Stored entries:
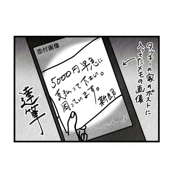 二次会の経験も幹事の経験もなかった2人ですが、新郎側の幹事と協力し、準備から当日の二次会が終わるまで全力で頑張りました。そして式も二次会も終了し、一宮さんも退職した後、一宮さんから「追加のご祝儀を払って」というメールが後輩・タッキーのもとに届きます。驚きつつも無視をしたタッキーですが、新郎新婦の行動はエスカレート。
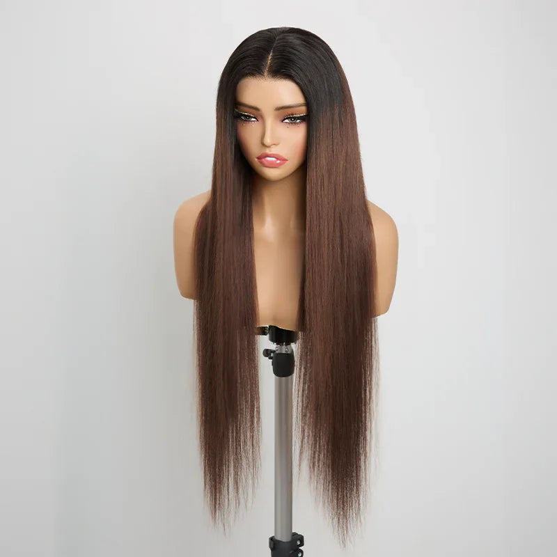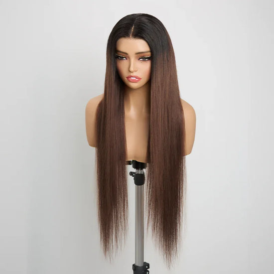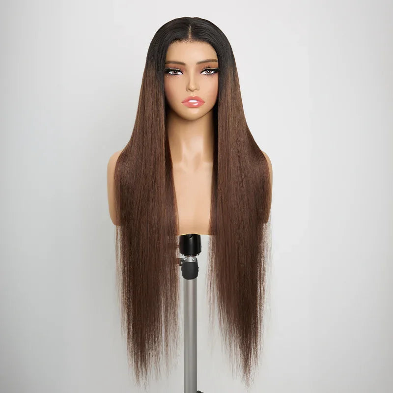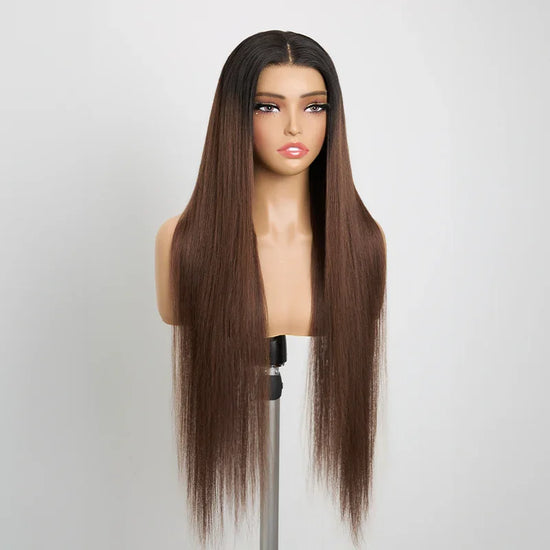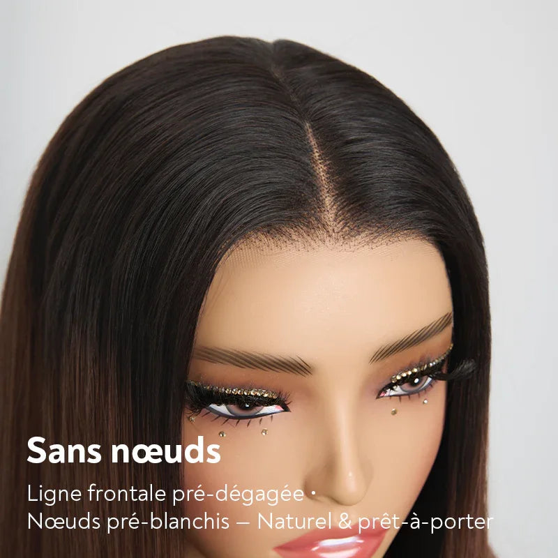 Séparation Libre Glueless Couleur Ombre Brun 13x4 Perruque Sans Colle Lisse 250% Densité
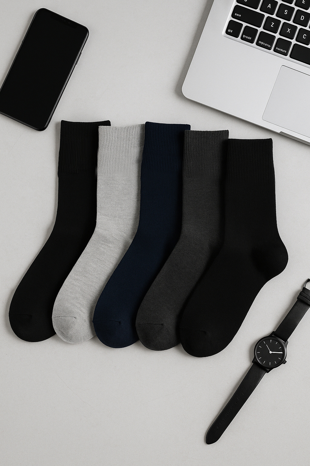 • Zestaw zawiera 5 par skarpet w neutralnych kolorach (czarny, granatowy, szary, ciemny szary)
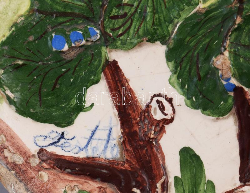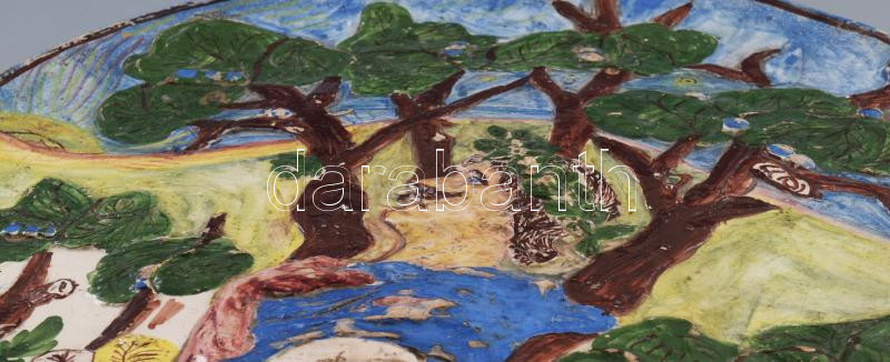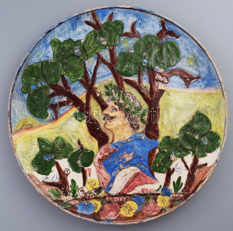 cca 1920, Hódmezővásárhely, Hunyadi Jánost ábrázoló nagyméretű dísztál. Jelzett, korának megfelelő mázsérülésekkel, kopottsággal, d: 37 cm. KIZÁRÓLAG SZEMÉLYES ÁTVÉTEL, NEM POSTÁZZUK! /// Circa 1920, Hódmezővásárhely, large decorative plate depicting John Hunyadi. Signed, with typical wear and glaze damage for its age, diameter: 37 cm.ONLY PERSONAL COLLECTION, WE DO NOT SHIP / ONLY PERSONAL COLLECTION IN OUR OFFICE!
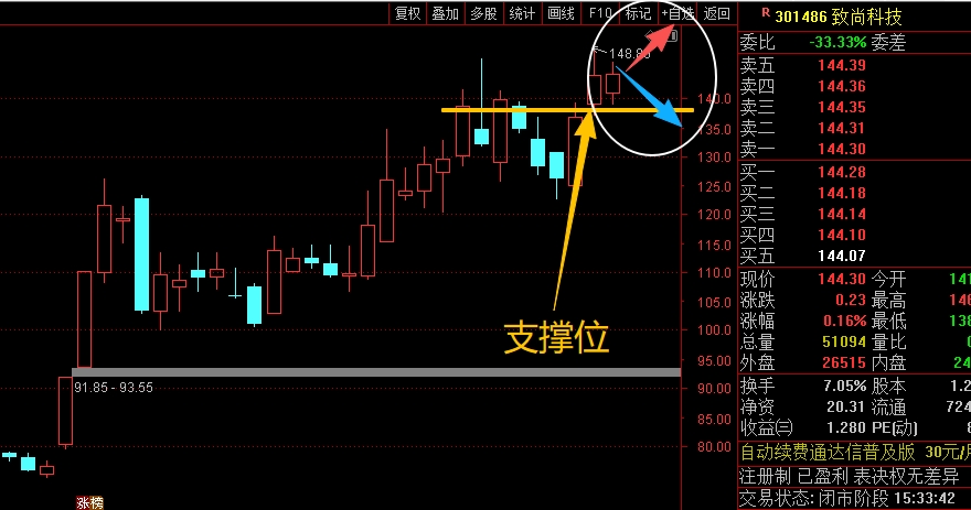 $致尚科技(SZ301486)$ 近期走势比较强,连续大幅拉升之后,还能在高位震荡走高,短线来看就关注脚底横线的支撑情况,能稳住就还能继续震荡拉高,但如果站不稳就要注意短线的回调整理了,需要控制仓位应对,不纠结。#复盘记录# #炒股日记#
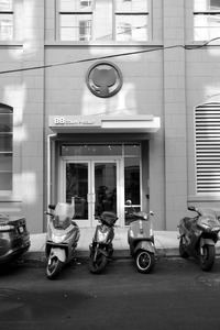 The photograph captures a simple yet striking façade of a building, highlighted by the bold '88 COLIN P KELLY' sign above the entrance. The composition is anchored by a row of parked scooters that adds a layer of urban charm, contrasting with the monochrome palette. Soft shadows dance across the walls, creating a serene mood that invites exploration of this quiet city corner.
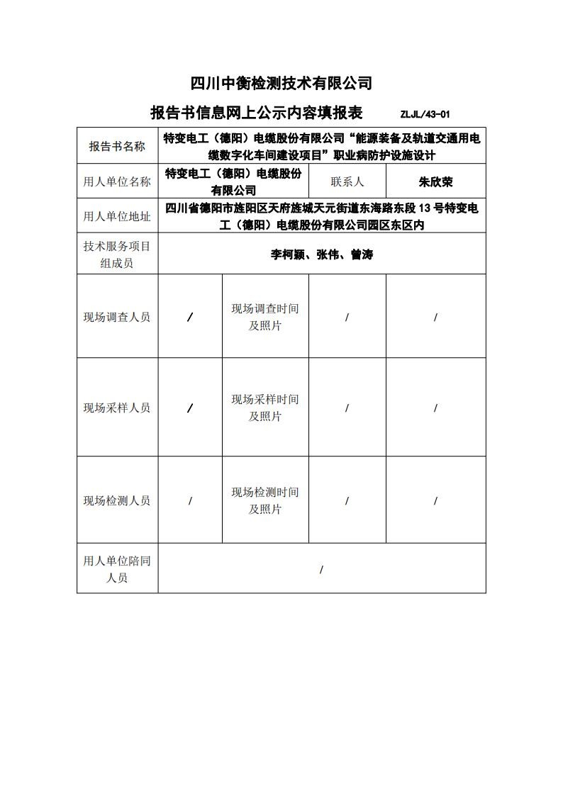 特變電工(德陽)電纜股份有限公司“能源裝備及軌道交通用電纜數(shù)字化車間建設(shè)項(xiàng)目”職業(yè)病防護(hù)設(shè)施設(shè)計(jì)

Required work: All lines from the line with "The photograph captures" through the final line of the data, both included, are to be repeated exactly; no other lines and no pictures.

Answer space:
 The photograph captures a simple yet striking façade of a building, highlighted by the bold '88 COLIN P KELLY' sign above the entrance. The composition is anchored by a row of parked scooters that adds a layer of urban charm, contrasting with the monochrome palette. Soft shadows dance across the walls, creating a serene mood that invites exploration of this quiet city corner.
 特變電工(德陽)電纜股份有限公司“能源裝備及軌道交通用電纜數(shù)字化車間建設(shè)項(xiàng)目”職業(yè)病防護(hù)設(shè)施設(shè)計(jì)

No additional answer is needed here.